Zachary Apotheker, the Border Patrol whistleblower who appeared in James O’Keefe’s film titled, “Line In The Sand” had his firearm revoked!

“Undercover journalist James O’Keefe goes to the front lines of the migrant industrial complex using hidden cameras and raw testimonials. O’Keefe reveals the shocking reality of the U.S. border crisis like never before: Mexican freight trains, cartel tunnels, and U.S. funded child detention camps. Watch this gripping exposé of a corrupted system that demands change,” the film’s description reads.

Click here to watch “Line In The Sand”

Zachary Apotheker said his government-issued firearm was revoked.

“I am Border Patrol Agent Zach Apotheker. Just one day after my appearance in James OKeefe’s film “Line in the Sand,” now streaming on the TCNetwork, my government-issued firearm was revoked. The reason? Alleged breaches of security and integrity policies,” the whistleblower said.
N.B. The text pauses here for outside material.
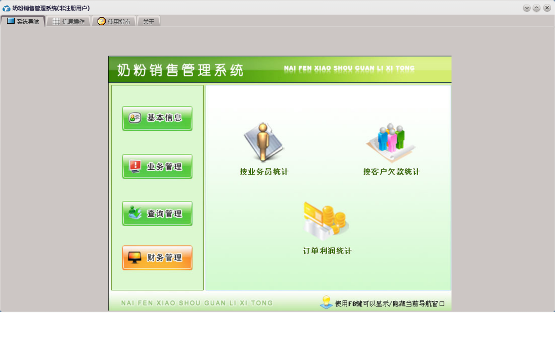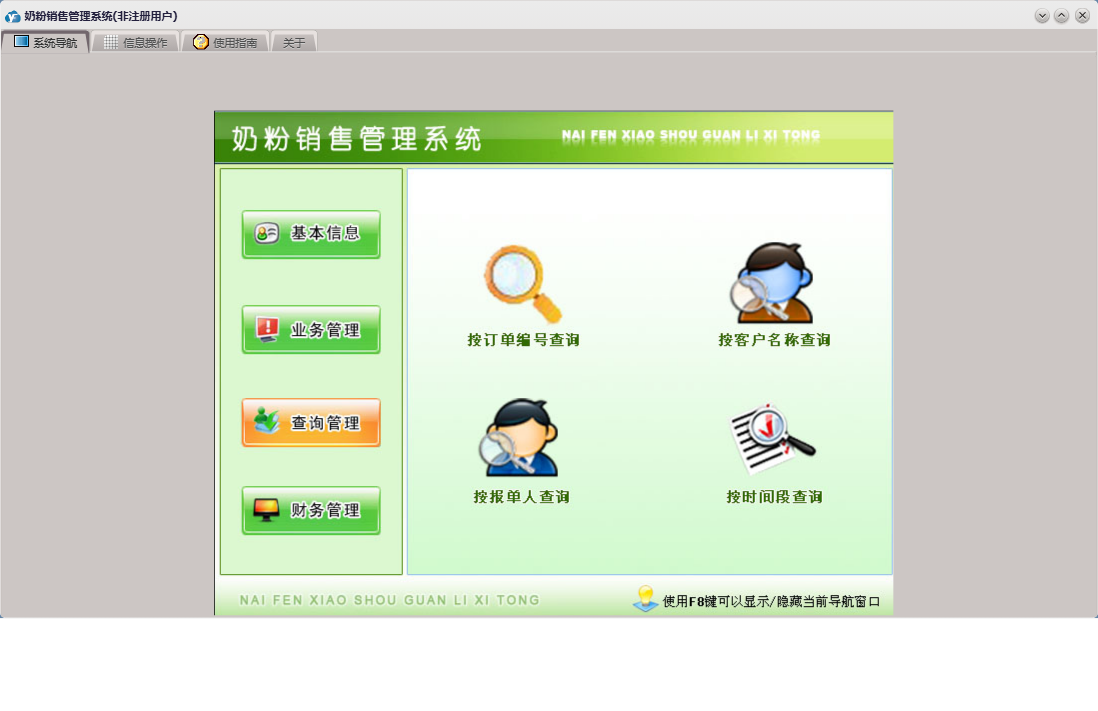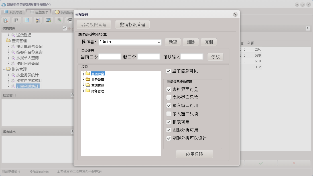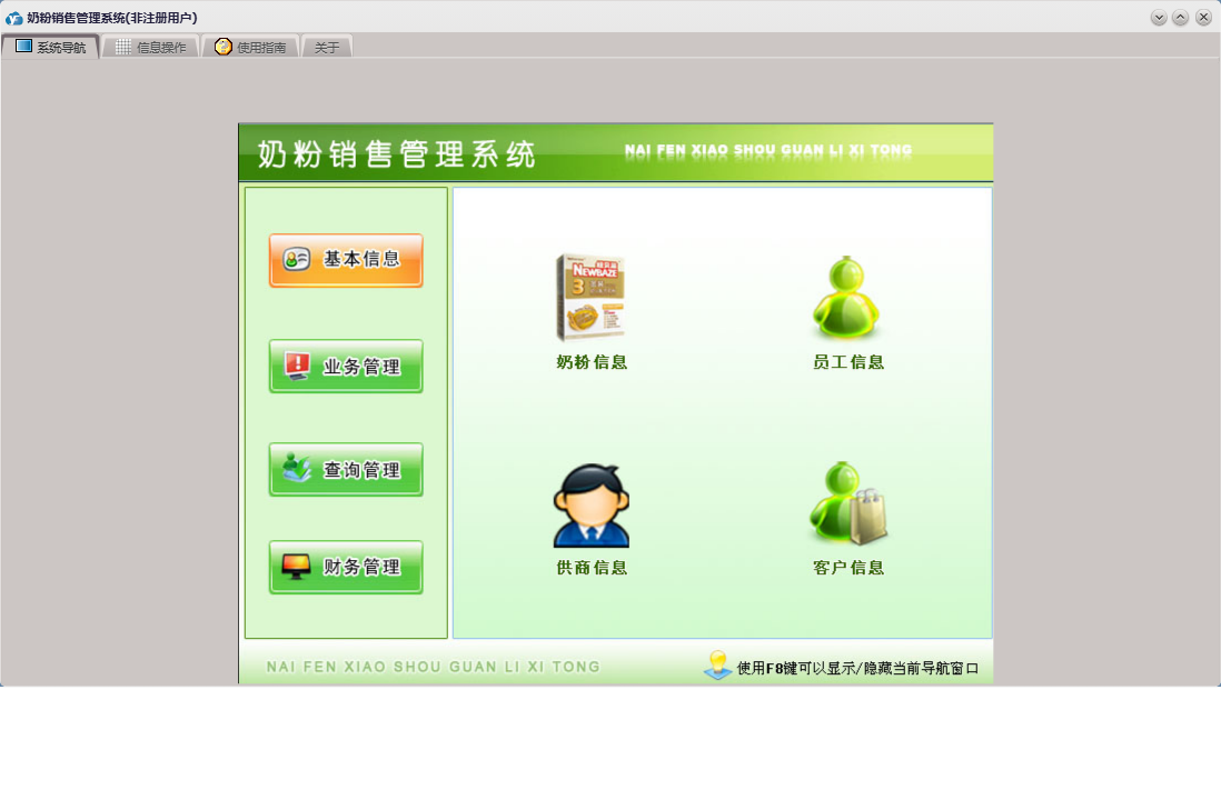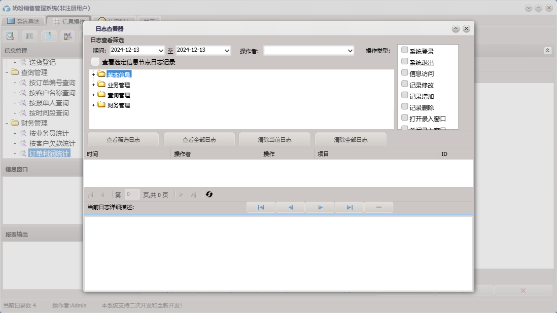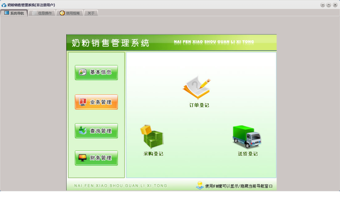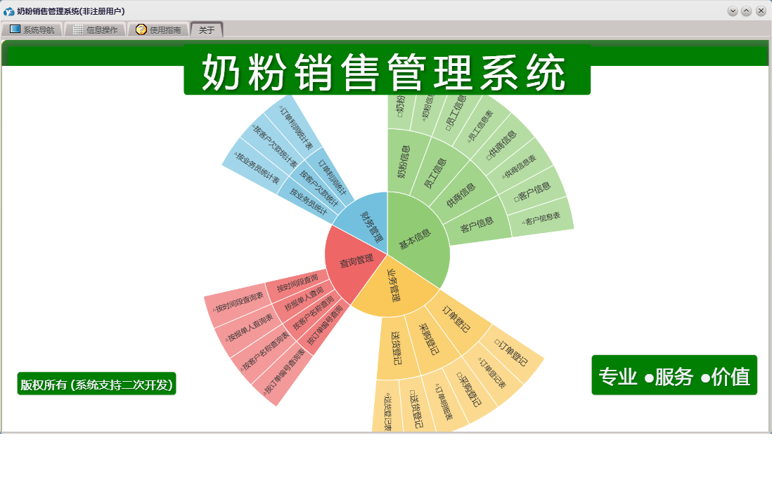 奶粉销售管理系统包含以下功能:奶粉信息、送货登记、员工信息、订单登记、日志、采购登记、关于、权限设置、基本信息、客户信息、业务管理、财务管理、查询管理、供商信息等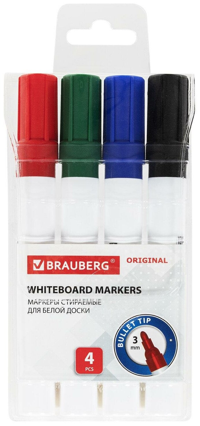Купить Маркеры стираемые Brauberg для белой доски, 4 цвета "Original" 3 мм

“But here’s the stark contrast: while I’m rendered weaponless, thousands of illegal alien convicted murderers and rapists, as openly admitted by the Department of Homeland Security DHS, remain at large and free,” he said.

“I took an oath to defend our Constitution and to protect the American public. This has been the greatest honor of my life. Yet, when you’re truly over the target, you become the target,” he said.